Wednesday, September 9, 2009

How is chronic lymphocytic leukaemia treated?

Treatment is not always required and the patient may just be followed up as an outpatient on a regular basis, sometimes for many years, with no need for further action.
Older people with early stage CLL have a normal life expectancy. Treatment in the form of chemotherapy will be required for those who are unwell or who have many enlarged lymph glands, or who become significantly anaemic.
Chemotherapy is usually given in the form of tablets (usually a medicine called chlorambucil (Leukeran)). Other chemotherapy drugs such as fludarabine (Fludara) (may be used in late stage disease. General bone marrow production of blood cells can occur in more advanced CLL (bone marrow failure) in which steroid treatment with prednisolone (eg Deltacortril) usually allows the bone marrow to recover. Milder degrees of bone marrow failure might adequately be controlled by periodic blood transfusion.
X-ray treatment (radiotherapy) can be given locally, to swollen lymph nodes, or in small repeated doses to the whole body.
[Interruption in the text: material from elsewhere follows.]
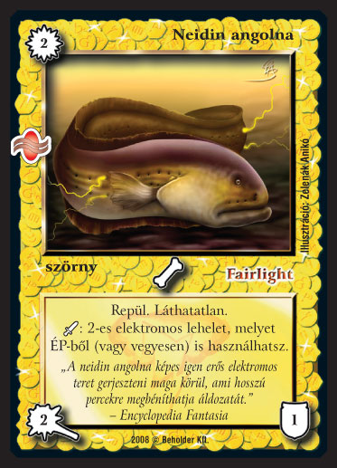 Szinesítő szöveg: "A neidin angolna képes igen er?s elektromos teret gerjeszteni maga körül, ami hosszú percekre megbéníthatja áldozatát." - Encyclopedia Fantasia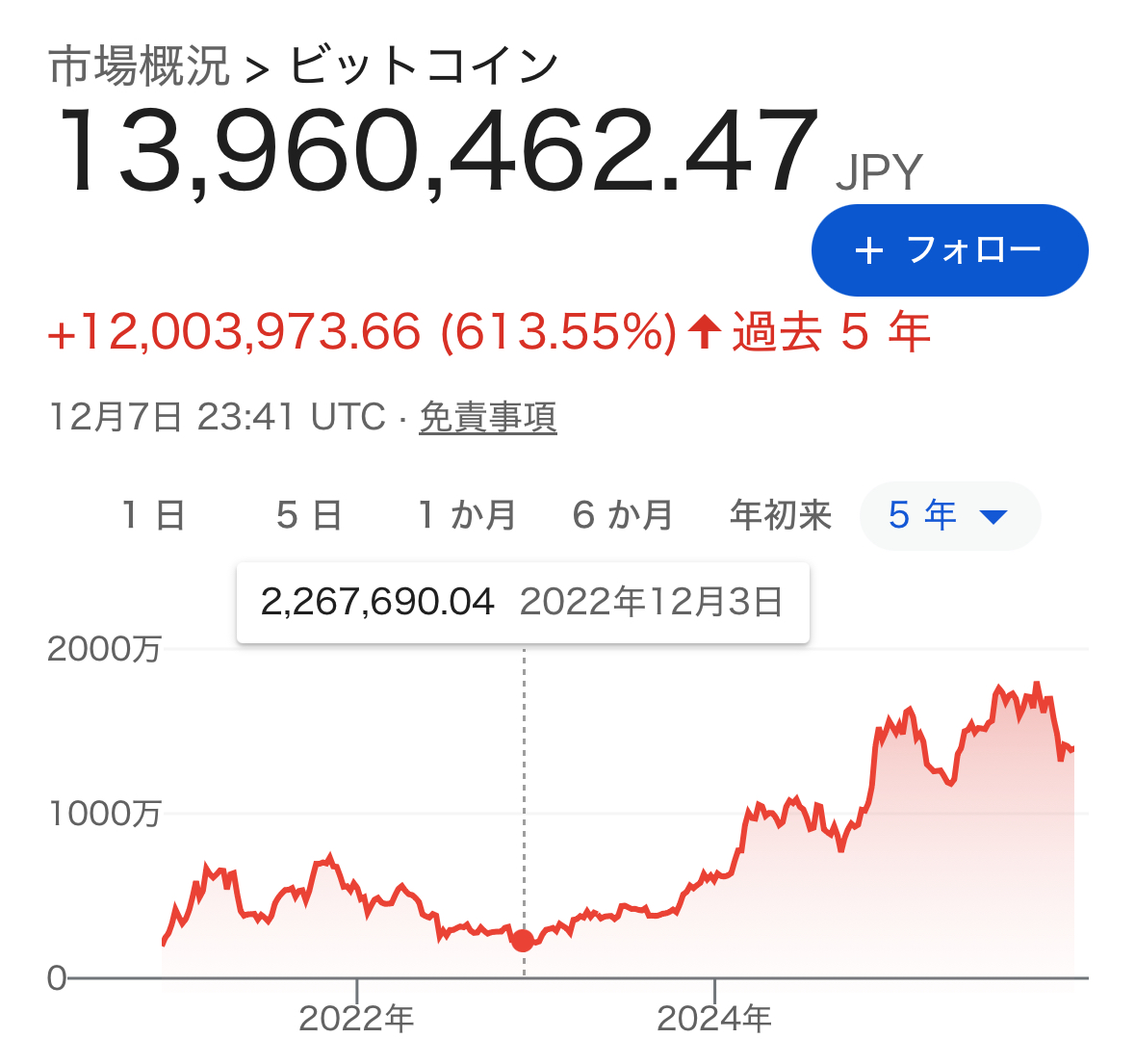 3年前のビットコインレートが226万円、2025年のビットコインレートが1396万円

Infections are more common in people with CLL and need to be diagnosed early and treated vigorously.
Sometimes the spleen, which is also part of the body’s immune system swells up so much in CLL that it gives rise to pain, or it causes a type of anaemia to develop in which the red cells of the blood (oxygen-carrying cells) become fragile, leading to further anaemia. These problems may justify the surgical removal of the spleen.
Bone marrow transplantation may be considered for those patients who are less than 45 years of age and who have an aggressive form of the disease.